═════ Exercise input
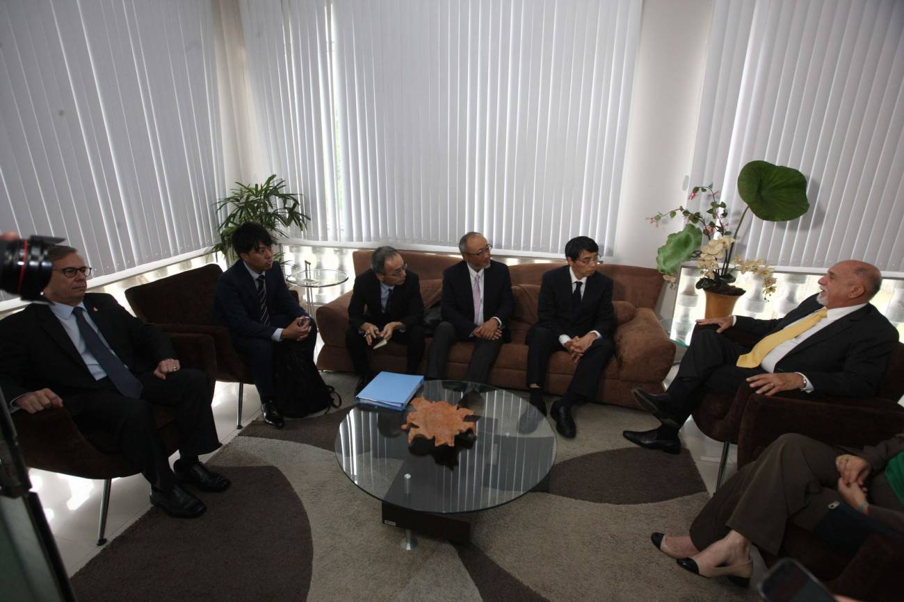 Governo do Estado, Agência de Cooperação Internacional do Japão (Jica) e Embaixada do Japão no Brasil assinaram no final da tarde desta sexta-feira a Ordem de Serviço que marca que marca o início das obras na Rodovia BR-316. As obras iniciam já na próxima segunda-feira.Com projeto arrojado, que trará grande reforma estrutural para a entrada da capital paraense, desde a rede de drenagem, até os chamados retoques finos, como paisagismo e moderna rede de iluminação pública em LED, abrange os municípios de Belém, Ananindeua e Marituba, em 10,8 km de extensão. As obras de reconstrução e requalificação incluem pistas com três faixas de rolagem nos dois sentidos, com pavimento flexível, uma faixa (em cada sentido) exclusiva para o BRT Metropolitano, duas ciclovias bidirecionais, gramado próximo à ciclovia para arborização, dois passeios para circulação de pedestres com 2,5m de largura, faixa de piso tátil e rampas de acessibilidade, de acordo com a legislação vigente, além de mobiliário urbano (bancos, lixeiras e abrigos em paradas de ônibus convencionais). Na foto, o governador do Estado, Simção Jatene (2º da esq/dir) e representante da Agência de Cooperação Internacional do Japão (Jica) no Brasil, Sr. Akio Saito (3º da esq/dir). FOTO: SIDNEY OLIVEIRA / AG. PARÁ DATA: 07.12.2018 BELÉM - PARÁ
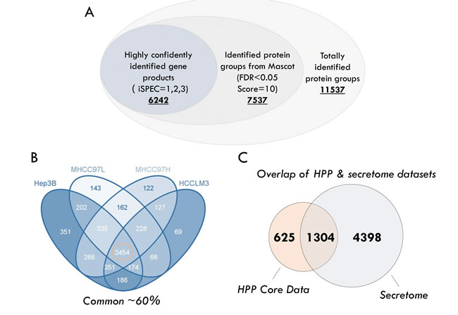 Combining the raw data from 144 MS runs (4 cell lines, 12 fractions for each, 3 biological replicates), a total of 11,537 proteins (q<0.05 from PD software) were identified. Applying stepwise stringent quality control strategies, over 6500 proteins (representing 6242 GPs) were identified (Figure 2A) (Supplemental Table S1), 3454 GPs of which (~60%) were common among the HCC cell lines (Figure 2B). Matching our secretome dataset to the core human plasma database, which contains 1929 proteins [41], revealed that almost 70% (1304 GPs) of the proteins were covered by the HCC secretome (Figure 2C).
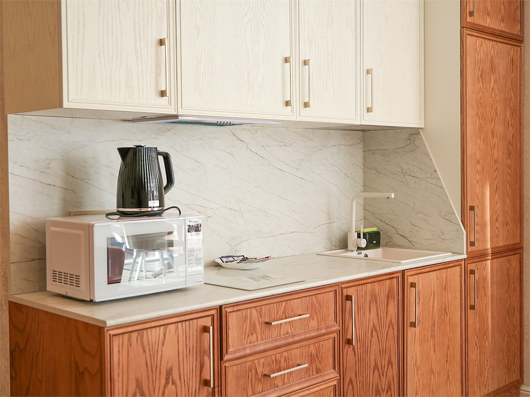 телевизор, кабельное телевидение, Wi-Fi, светильник, фен, микроволновая печь, обогреватель, душевая кабина, санузел, теплый пол, халаты, банные полотенца, тапочки, косметические средства, балкон, двуспальная кровать, диван, стулья, шкаф для одежды, багажная тумба, зеркало, комод, кухня, чайный набор, набор посуды, сейф, обеденная зона, гостиная зона, отопление, плиточное покрытие, кухонная посуда, кухонная утварь, мини-холодильник, теплые полы, чайная станция, вешалки-плечики, мыло, прачечная (за дополнительную плату), можно с питомцамиВ гостиничном номере
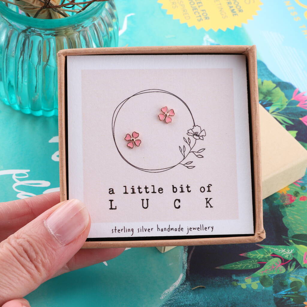A gorgeous gift of sterling silver pink four leaf clover earrings, perfect to send 'a little bit of luck' to a special person in your life.
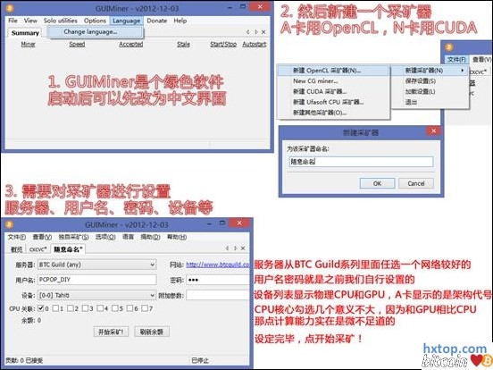 比特币挖矿器GUIMiner还需要做一定的设置,界面改为中文后,就很简单了。 服务器就是之前我们选的BTC Guild,可以随便选一个,试试看哪个网速好就用哪个。 用户名密码也是自己设定的。 设备选GPU就好,CPU不要选,用CPU来挖矿连电费也赚不回来,核心是否勾选也关系不大。
══════════
**Exercise goal**. The reply should hold every record, unchanged, and no pictures.

**Response**.
 Governo do Estado, Agência de Cooperação Internacional do Japão (Jica) e Embaixada do Japão no Brasil assinaram no final da tarde desta sexta-feira a Ordem de Serviço que marca que marca o início das obras na Rodovia BR-316. As obras iniciam já na próxima segunda-feira.Com projeto arrojado, que trará grande reforma estrutural para a entrada da capital paraense, desde a rede de drenagem, até os chamados retoques finos, como paisagismo e moderna rede de iluminação pública em LED, abrange os municípios de Belém, Ananindeua e Marituba, em 10,8 km de extensão. As obras de reconstrução e requalificação incluem pistas com três faixas de rolagem nos dois sentidos, com pavimento flexível, uma faixa (em cada sentido) exclusiva para o BRT Metropolitano, duas ciclovias bidirecionais, gramado próximo à ciclovia para arborização, dois passeios para circulação de pedestres com 2,5m de largura, faixa de piso tátil e rampas de acessibilidade, de acordo com a legislação vigente, além de mobiliário urbano (bancos, lixeiras e abrigos em paradas de ônibus convencionais). Na foto, o governador do Estado, Simção Jatene (2º da esq/dir) e representante da Agência de Cooperação Internacional do Japão (Jica) no Brasil, Sr. Akio Saito (3º da esq/dir). FOTO: SIDNEY OLIVEIRA / AG. PARÁ DATA: 07.12.2018 BELÉM - PARÁ
 Combining the raw data from 144 MS runs (4 cell lines, 12 fractions for each, 3 biological replicates), a total of 11,537 proteins (q<0.05 from PD software) were identified. Applying stepwise stringent quality control strategies, over 6500 proteins (representing 6242 GPs) were identified (Figure 2A) (Supplemental Table S1), 3454 GPs of which (~60%) were common among the HCC cell lines (Figure 2B). Matching our secretome dataset to the core human plasma database, which contains 1929 proteins [41], revealed that almost 70% (1304 GPs) of the proteins were covered by the HCC secretome (Figure 2C).
 телевизор, кабельное телевидение, Wi-Fi, светильник, фен, микроволновая печь, обогреватель, душевая кабина, санузел, теплый пол, халаты, банные полотенца, тапочки, косметические средства, балкон, двуспальная кровать, диван, стулья, шкаф для одежды, багажная тумба, зеркало, комод, кухня, чайный набор, набор посуды, сейф, обеденная зона, гостиная зона, отопление, плиточное покрытие, кухонная посуда, кухонная утварь, мини-холодильник, теплые полы, чайная станция, вешалки-плечики, мыло, прачечная (за дополнительную плату), можно с питомцамиВ гостиничном номере
A gorgeous gift of sterling silver pink four leaf clover earrings, perfect to send 'a little bit of luck' to a special person in your life.
 比特币挖矿器GUIMiner还需要做一定的设置,界面改为中文后,就很简单了。 服务器就是之前我们选的BTC Guild,可以随便选一个,试试看哪个网速好就用哪个。 用户名密码也是自己设定的。 设备选GPU就好,CPU不要选,用CPU来挖矿连电费也赚不回来,核心是否勾选也关系不大。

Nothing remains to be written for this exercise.